Voces8 est non seulement un brillant ensemble vocal mais également une fondation affectée à la diffusion du répertoire choral et une structure pédagogique auprès des écoles. Le concert du 14 mars fait partie du troisième volet de la fondation : un festival dont les concerts sont accessibles en streaming. Le dénominateur commun aux œuvres présentées ce soir par Emma Kirkby depuis l’église St Anne et St Agnes de Londres est la figure maternelle sous toutes ses formes et en tous temps, de la Vierge Marie jusqu’à Ann et Anna Jarvis, instigatrices de mouvements de rassemblement des mères américaines et farouches anti-militaristes.
Pour illustrer un aussi vaste propos, trois chanteuses et un instrumentarium où le zither banjo voisine avec le théorbe, la harpe ancienne et un magnifique piano Blüthner. Un avant-concert où les artistes dialoguent avec Barnaby Smith, directeur artistique de l’ensemble Voces8, la présentation de chaque œuvre au cours du concert atténuent sensiblement le coté formel du streaming, comme si l’on retrouvait les codes du direct des premiers âges de la télévision… Le De Sancta Maria d’Hidgarde von Bingen, partagé entre les mezzos Helen Charlston et Patricia Hammond et Emma Kirkby donne le ton, l’accordéon 1900 soutient les mélismes envoûtants et renforce l’universalité du propos.
En duo avec Helen Charlston, la soprano britannique livre un Venite sitientes de Monteverdi de toute beauté. Certes l’instrument s’est voilé, l’intonation a perdu de sa précision légendaire mais le sens rythmique et l’attention au texte demeurent admirables au point d’éclipser le riche timbre d’Helen Charlston et son phrasé plus prévisible. Dans l’hypnotique berceuse de Merula, la mezzo construit sa lancinante mélopée sur un lit de cordes pincées, les excellents Aileen Henry à la harpe baroque et Toby Carr au théorbe brillent autant dans l’art de l’accompagnement que dans un duo virtuose de Castaldi.
Le très expressif O maria de Strozzi montre une Kirkby toujours frémissante et engagée, la construction dramatique est pertinente, les aigus purs et (presque) sans accidents, mais c’est dans le Mariä Heimsuchung de Hindemith que la soprano britannique surprend. Quelle belle entente avec l’excellent pianiste Christopher Glynn, quel sens aigu de la langue allemande portée par un médium toujours délicieusement coloré ! Changement de perpective avec le Juxta Crucem de Clémence de Grandval : la combinaison orgue positif et piano, si populaire dans les salons, soutient une Patricia Hammond au style délibérément saint-sulpicien qui n’hésite pas à manier grandiloquence et portamenti.

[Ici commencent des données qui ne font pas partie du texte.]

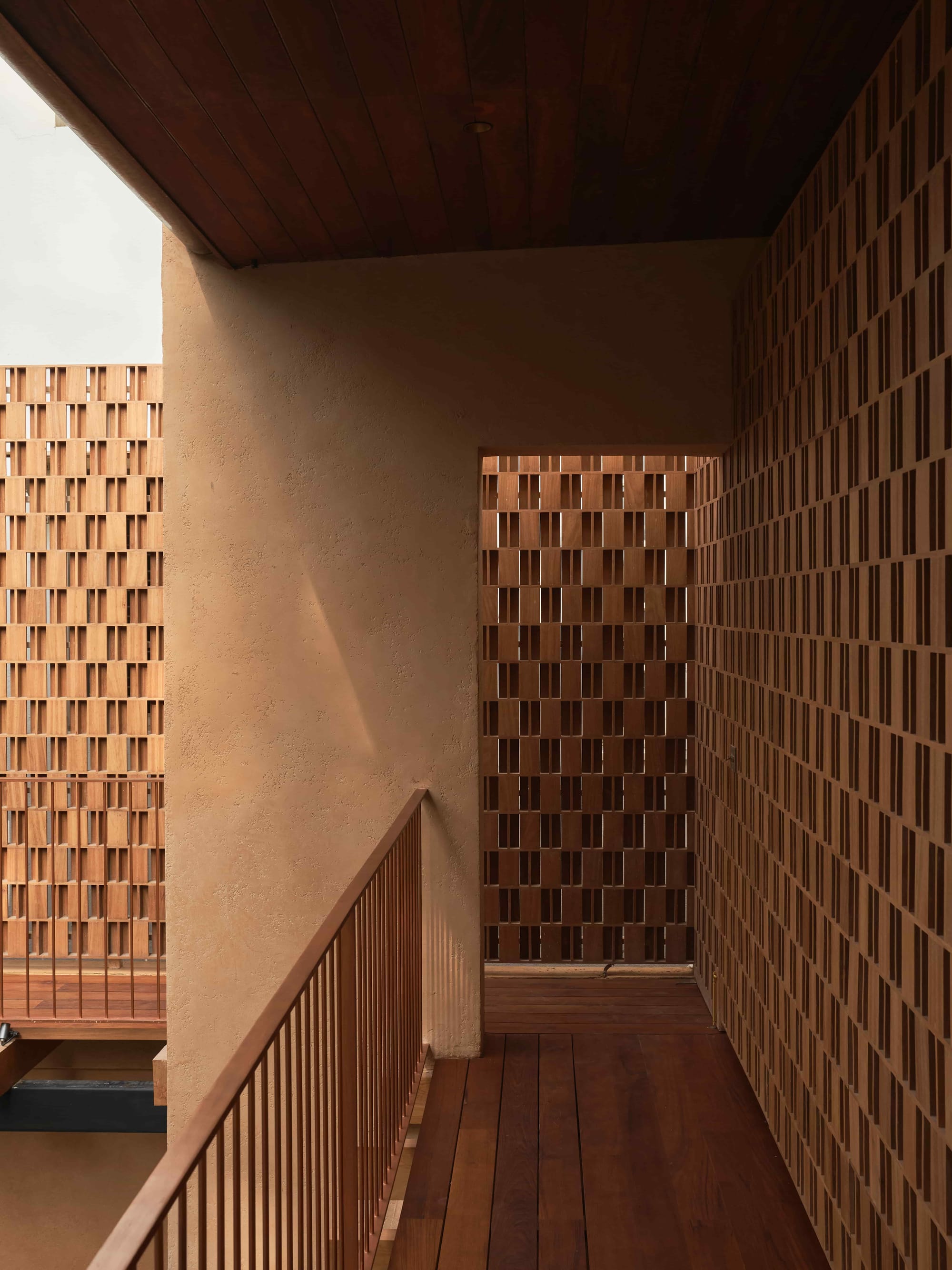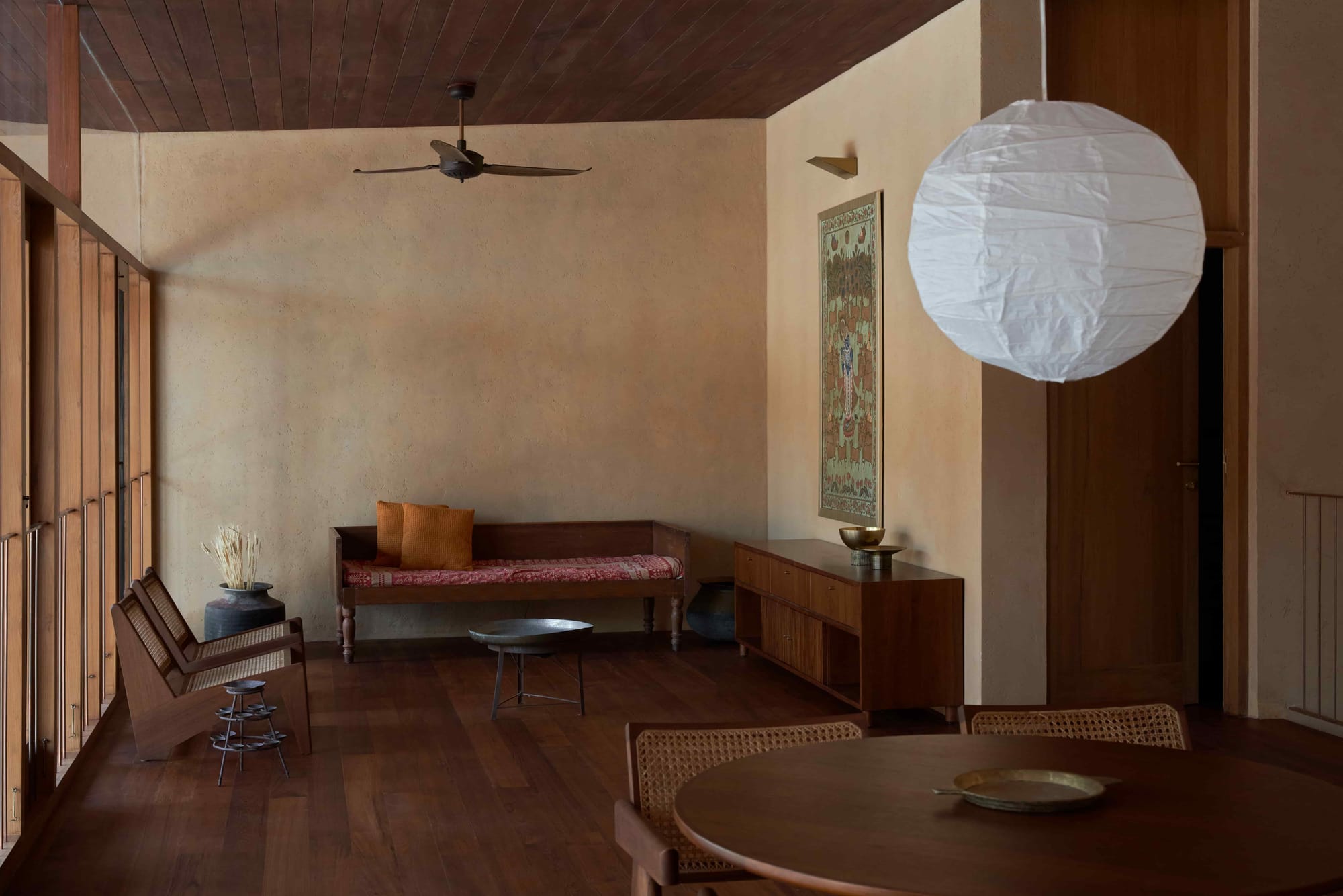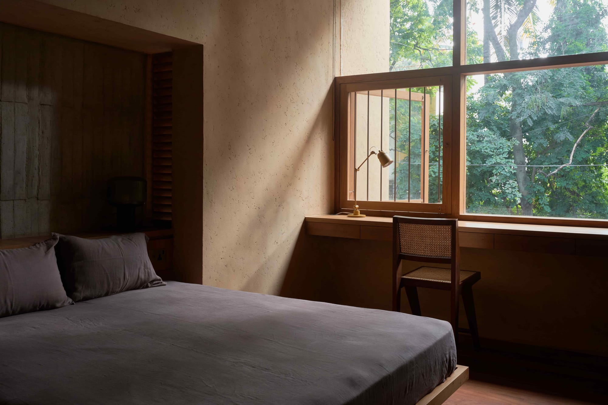 The facade, finished with earth-pigmented plaster and brick, offers little to the street, acting as a protective husk. But as one crosses the threshold, there is a "measured unfolding." The transition from the dusty urban surroundings to the inner sanctum is choreographed through a series of verandahs and semi-open spaces. Here, the boundaries between inside and outside are intentionally blurred. Timber shutters and jaalis (lattices) provide privacy from neighboring buildings, yet they allow the Bengaluru breeze to filter through, carrying the scent of stone and jasmine.

Le timbre prenant de la mezzo sera particulièrement mis en valeur dans l’émouvant Just before the Battle, Mother de George Frederick Root accompagné au banjo par Matt Redman et dans I Didn’t Raise My Boy to Be a Soldier soutenu par une antique guitare Gibson. Deux mélodies de Copland et une déchirante ballade d’Ilse Weber achèvent un voyage où Emma Kirkby nous a insensiblement menés de la poésie mystique médiévale aux chants de l’holocauste avec élégance et simplicité.
Concert chroniqué à partir du streaming proposé par le site Voces 8 Foundation.